Sure, when taking creatine, you may expertise a really small enhance in physique weight.
“Some individuals, however not all, expertise a small quantity of weight acquire when taking creatine,” Grant Tinsley, Ph.D., a professor and researcher at Texas Tech College, tells mindbodygreen.
Nonetheless, Tinsley explains that this weight acquire is because of water storage, not fats acquire.
The small quantity of weight that some individuals expertise when taking creatine is usually resulting from elevated creatine concentrations and water storage within the muscle tissue. “Whereas this impact has been noticed in a number of research, not all people or teams expertise this,” he reiterates.
Research have proven blended outcomes in the case of water weight acquire and creatine use. Some research have discovered that in the course of the first few days of creatine supplementation, some individuals expertise will increase in complete physique water (TBW), extracellular physique water (ECW), and intracellular water (ICW).

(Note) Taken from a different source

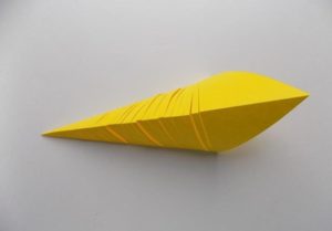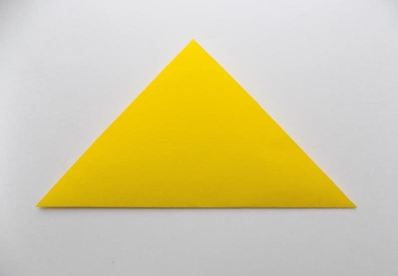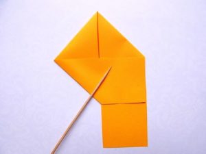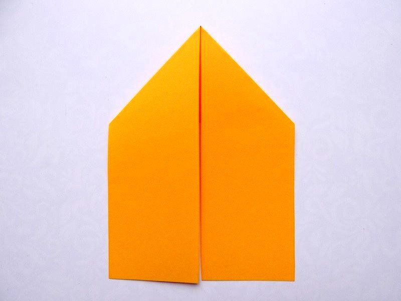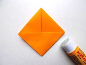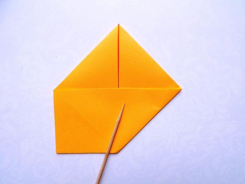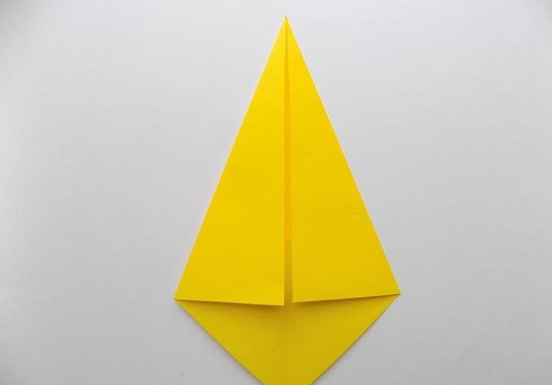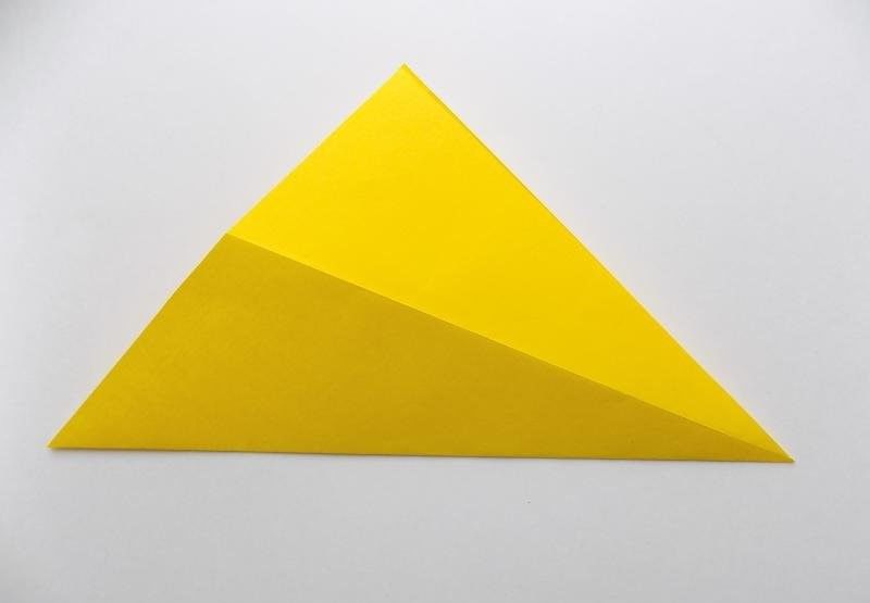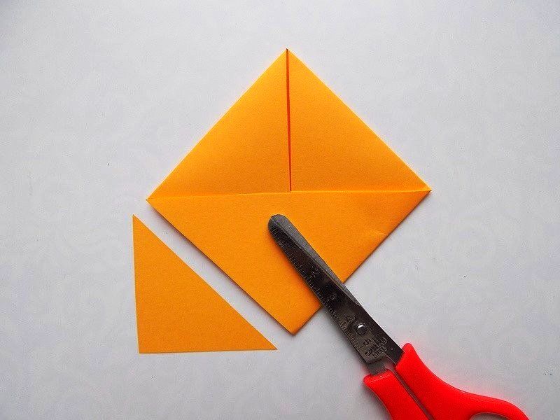 - Сгънете ъглите от страните на един от триъгълниците към средата, като ги застъпвате. Това ще служи като опашка

For instance, a 2017 examine revealed in Medication & Science in Sports activities & Train that included 18 male cyclists discovered that when the contributors adopted a creatine-loading section that concerned taking 20 grams of creatine per day for 5 days, their TBW elevated by 1.4%. However, different research have discovered that creatine has no important impression on the physique’s water ranges, particularly over the long run.
Along with water weight, creatine may also help help muscle mass acquire when mixed with resistance train and correct diet. Gaining muscle mass can impression your physique weight, however that is often seen as a constructive aspect impact of creatine supplementation which explains many individuals use creatine.